The IT Spot: Rereading part 33

So, we start off with a fresh batch of murder: Eddie kills Henry Bowers with a broken Perrier bottle to the belly. But not before Henry re-breaks his arm!

The flips between the past and present aren't as divided here, as everyone, new and old, finds themselves falling into roles preset for them, by fate, IT, or perhaps even the Turtle.

Eddie calls Bill and as Bill is about to instruct him we flip back to past Bill instructing the others. They discuss what's happening while Bill ruminates on things. He stutters but manages to get out that no matter where they go today, IT will kill them, or have them killed. The adults won't see, and they're already halfway to being ghosts. Derry just got even more haunted.

Yeah, remember that all the way from the beginning? When Mike defined haunt as a place where an animal comes to feed? That imagery has been running along the whole of the novel, with figurative and literal ghosts. Now the children have become living ghosts, as their parents don't notice them as they make their last lunches before fleeing into the sewers. The Bowers gang is after them, throwing rocks yet again.

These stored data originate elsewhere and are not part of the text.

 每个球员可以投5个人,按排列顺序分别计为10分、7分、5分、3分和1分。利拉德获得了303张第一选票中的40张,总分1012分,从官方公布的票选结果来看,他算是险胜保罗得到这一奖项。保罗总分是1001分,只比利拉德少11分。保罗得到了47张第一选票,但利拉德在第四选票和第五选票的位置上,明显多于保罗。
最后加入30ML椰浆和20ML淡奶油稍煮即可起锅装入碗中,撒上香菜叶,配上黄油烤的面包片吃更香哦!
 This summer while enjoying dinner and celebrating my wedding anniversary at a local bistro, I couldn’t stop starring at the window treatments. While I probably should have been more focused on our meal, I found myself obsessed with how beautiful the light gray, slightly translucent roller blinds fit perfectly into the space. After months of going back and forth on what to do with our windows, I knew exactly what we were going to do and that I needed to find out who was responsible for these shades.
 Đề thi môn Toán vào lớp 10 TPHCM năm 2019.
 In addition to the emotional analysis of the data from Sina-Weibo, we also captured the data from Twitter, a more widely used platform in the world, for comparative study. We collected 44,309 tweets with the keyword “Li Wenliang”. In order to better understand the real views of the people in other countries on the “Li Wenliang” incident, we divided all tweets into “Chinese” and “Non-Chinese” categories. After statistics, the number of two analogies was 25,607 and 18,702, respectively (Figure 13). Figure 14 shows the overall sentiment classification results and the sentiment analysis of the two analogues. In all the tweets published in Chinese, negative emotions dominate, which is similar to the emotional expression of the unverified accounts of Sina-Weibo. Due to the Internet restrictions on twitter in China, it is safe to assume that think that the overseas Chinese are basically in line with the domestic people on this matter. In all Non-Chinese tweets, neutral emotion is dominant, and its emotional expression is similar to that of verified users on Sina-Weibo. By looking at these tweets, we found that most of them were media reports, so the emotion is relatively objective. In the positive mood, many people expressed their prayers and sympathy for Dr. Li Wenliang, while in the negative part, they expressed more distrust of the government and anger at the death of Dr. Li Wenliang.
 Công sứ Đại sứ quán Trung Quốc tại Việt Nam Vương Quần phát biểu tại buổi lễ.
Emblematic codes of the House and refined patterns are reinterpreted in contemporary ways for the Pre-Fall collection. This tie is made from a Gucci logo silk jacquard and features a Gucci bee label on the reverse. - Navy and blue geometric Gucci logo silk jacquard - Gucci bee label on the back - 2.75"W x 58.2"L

Ben leads them to the same pumping station he hid in the first time he was chased by Bowers. They make it into the darkness, and Bill thinks for a few moments about how they are meant to die, and none of them may ever make it out of the sewers. Of course, we know they do, but it seems impossible. They're fighting both mortal and essentially immortal forces. How can seven kids hope to defeat either?

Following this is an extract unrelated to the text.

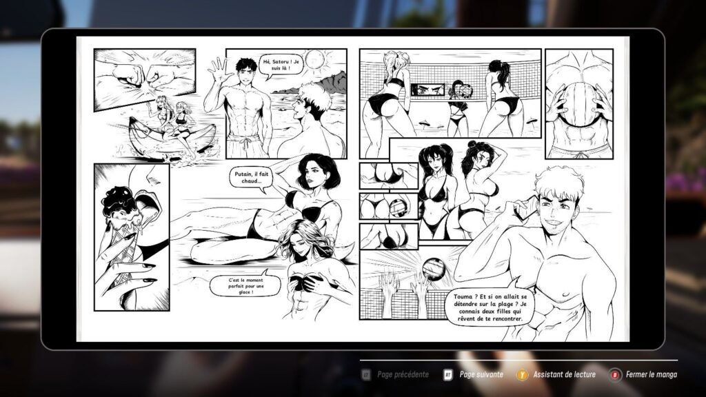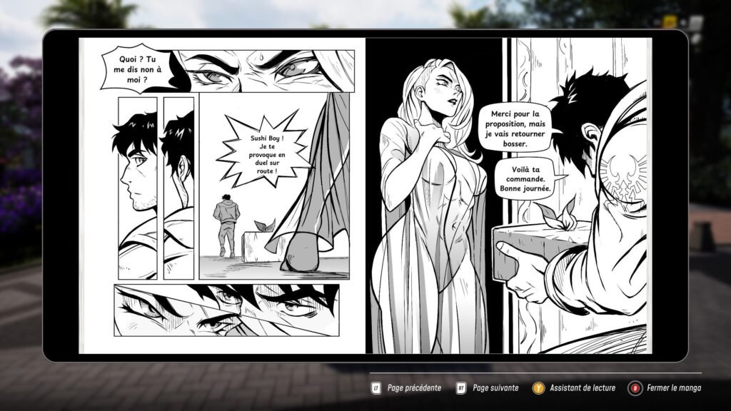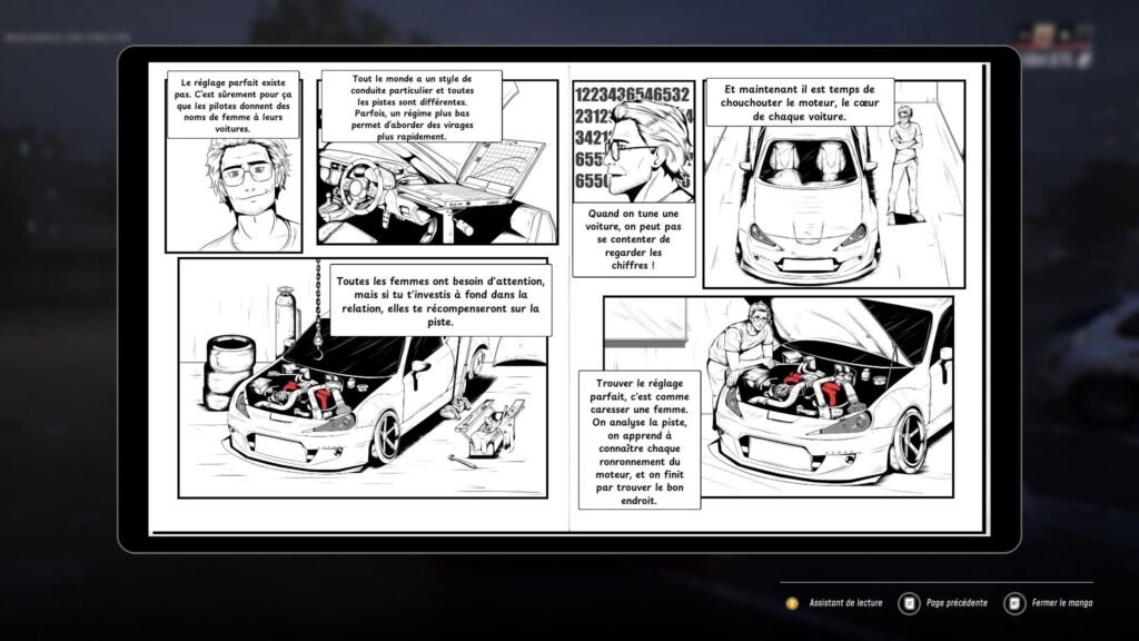 Mais reprenons depuis le début, voulez-vous, parce que visiblement JDM à une histoire, qu’il raconte au travers de ce fameux manga à lire dans une liseuse virtuelle. Alors, je ne sais pas si c’est la mode des webtoons qui fait ça, ou bien si c’est simplement que les devs sont tous des darrons, mais je trouve l’idée bof. J’entends bien l’hommage à Initial D , mais ça me semble un peu feignant. Surtout qu’on a souvent le droit à une double-page et rien de plus, et que les rares fois où ils font plus de page, c’est confus dans le déroulé. Le crayonné est un peu passe-partout, il manque d’une vraie identité (on dirait les dessins que vous avez sur les cahiers « Apprends à dessiner des Mangas « ) et il n’y a même pas une quelconque mise en scène sur les cases, à part deux ou trois bruitages.
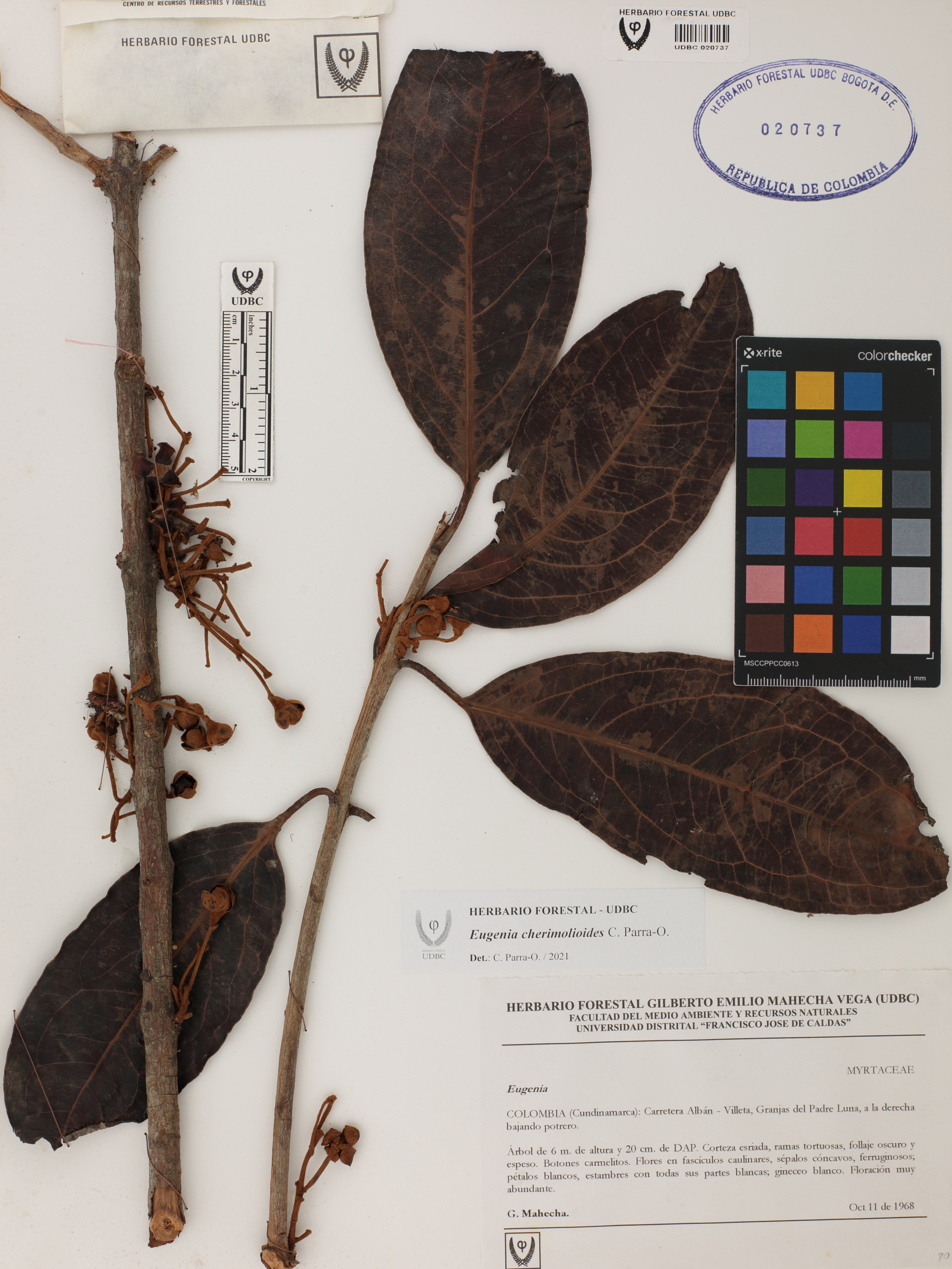 Fotografía del ejemplar Mahecha, G., determinado como Eugenia cherimolioides en el año 2021

Well, we won't find out in the next chapter, entitled 'The Circle Closes'. We'll be busy remembering that Tom and Audra exist.




Monday, August 21, 2017

The IT Spot: Rereading part 32

Adult Henry's rampage continues as he heads for the Derry Townhouse. He's half-dead from Mike's attack, so IT sends him a ride. Belch, who's face was torn off by the Frankenstein monster. Even as crazed as he is, Henry knows that isn't right. He still gets in, and reflects on the day he chased the Losers into the sewers.

After losing track of Bev (she's hiding in the clubhouse with Ben) Henry and his gang wait, on the advise of Pennywise. Kid Henry then reflects on how he got the switch knife (as it's called in the novel) in the mail that morning. The mailbox was festooned with ballons with the losers faces, because of fucking course it was.



He then murdered his father by putting the blade in his neck as he slept. An ignoble end for a terrible, terrible man.

If I had to put a metaphorical meaning on the act, I'd say Henry was casting off the last link to his childhood. But it may just have been that Butch was evil and crazy, and Henry was done as well.

They watch Ben and Bev emerge from the sewers, and follow them, hoping to catch all 7. In the present Belch drops Henry at the hotel (with a helpful Pennywise memo listing room numbers). He goes after Eddie, who now gets his own perspective flip, back to he and Stan and Ritchie talking religion.

Everything is going well, with talks of how being Kosher works, and not eating meat on Fridays, when they all meet up, hearing about how Henry has totally lost it, and how they're waiting in the barrens.

Bill, Eddie sees, is not totally in control of himself when he states that they're ending this, and the Barrens don't belong to Henry. Unlike the tools of IT, Eddie can see Bill is still there too.

That ultimately is the biggest difference between IT and The Turtle using people as their tools. IT just fills them up, usually totally blinding them to what's happening. The Turtle nudges, influences, steers, but the people are still people inside. The only exception to this rule seems to be when IT went into Bev's father: He was still there, one with IT in his hatred and suspicion. That may be why that section was so much harder to read.